L’inserimento di un tetto di spesa ai costi del personale, impossibile da sforare, risale al 2004, due decenni in cui le aziende sanitarie si sono confrontate con l’impossibilità di assumere nuovi professionisti. Il numero di dipendenti si è, al contrario, ridotto. Solo nel 2021 in 5mila operatori sanitari hanno lasciato il Servizio Sanitario Nazionale e in sette anni, dal 2018 al 2025, Fiaso ha calcolato che saranno andati in pensione oltre 54mila medici. Uscite che per la Federazione diventa impossibile compensare, non solo per la mancanza sul mercato del lavoro di personale sanitario di diversi profili e specializzazioni ma anche per lo scarso appeal del sistema pubblico relativo alla valorizzazione degli operatori sanitari: in particolare il trattamento economico e le possibilità di progressione di carriera.
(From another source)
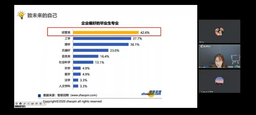 首先,石明月老师引入同学们从对自我未来行业规划出发,通过某招聘网站的有效数据分析,站在企业偏好角度带大家认识当下专业与现实行业的联系。从中给大家展示到,经管类学生的专业学习领域相比之下由于人数多,学习范围广,与现实行业应用挂钩等优势而较受企业认可欢迎。以此来减轻不少同学对于当下学习与未来就业的焦虑疑惑,同时以此展开接下来站在行业视角与同学们的探讨交流。

Non a caso, al termine della pandemia, si è registrata una fuga di medici e infermieri verso il privato.

Ai numeri di personale ridotti all’osso si aggiunge poi il dato sull’età media dei dipendenti in servizio: nel 2020 il 56% del personale medico italiano aveva più di 55 anni di età, valore questo più alto tra tutti i paesi dell’Unione europea. Un dato, quello dell’età media, che diventa ancora più problematico in rapporto alle limitazioni che, secondo una recente ricerca Fiaso presentata nel corso della convention, rappresentano l’11% del totale degli operatori sanitari.

In uno scenario che, al contrario, ha visto crescere i bisogni sanitari con l’invecchiamento progressivo della popolazione. Gli over 65 sono più di 14 milioni e rappresentano il 24% dell’intera popolazione. Praticamente uno su quattro. Esattamente 20 anni fa, invece, i cittadini con età superiore a 65 anni erano 10 milioni, pari al 18% del totale. Una crescita esponenziale di 4 milioni, che corrispondono 6 punti percentuali. Esattamente 20 anni fa, infatti, i cittadini con età superiore a 65 anni erano 10 milioni, pari al 18% del totale.

“Le carenze negli organici e le lunghe liste di attesa aumentano il rischio di non garantire un servizio sanitario all’altezza e richiedono soluzioni immediate. Occorre procedere a 30 mila assunzioni tra medici e infermieri per garantire il futuro ed abolire il tetto di spesa per l’assunzione del personale lasciando alle aziende la possibilità di investire nelle risorse umane nei settori più critici e di contrattare con i singoli professionisti una quota di retribuzione variabile che aumenti in modo significativo la retribuzione. L’idea potrebbe essere quella di rendere possibile un’attività libero professionale di medici e infermieri fuori dall’orario di servizio con prestazioni acquistate dal SSN nell’interesse dei cittadini per consentirci di sfruttare appieno le strutture e le macchine delle nostre aziende. Perché acquistare all’esterno delle aziende prestazioni che possono essere rese dai nostri professionisti, ridando a ciascuno la possibilità di investire sulla propria professione?” ha dichiarato Giovanni Migliore, Presidente Fiaso, in apertura di Fiaso25.

“Serve inoltre un piano straordinario di recupero delle liste di attesa che possa allo stesso tempo valorizzare i professionisti all’interno del sistema sanitario nazionale. Ecco perchè, in un patto di solidarietà tra professionisti e aziende, si potrebbero smaltire visite ed esami fuori dall’orario di servizio e con una retribuzione extra. Una incentivazione fuori busta paga per incarichi extra. Su tutti i turni aggiuntivi e le prestazioni extra destinate a ridurre le liste d’attesa dovrebbe essere ridotta la tassazione attraverso l’introduzione di una flat tax al 15%” ha concluso Migliore.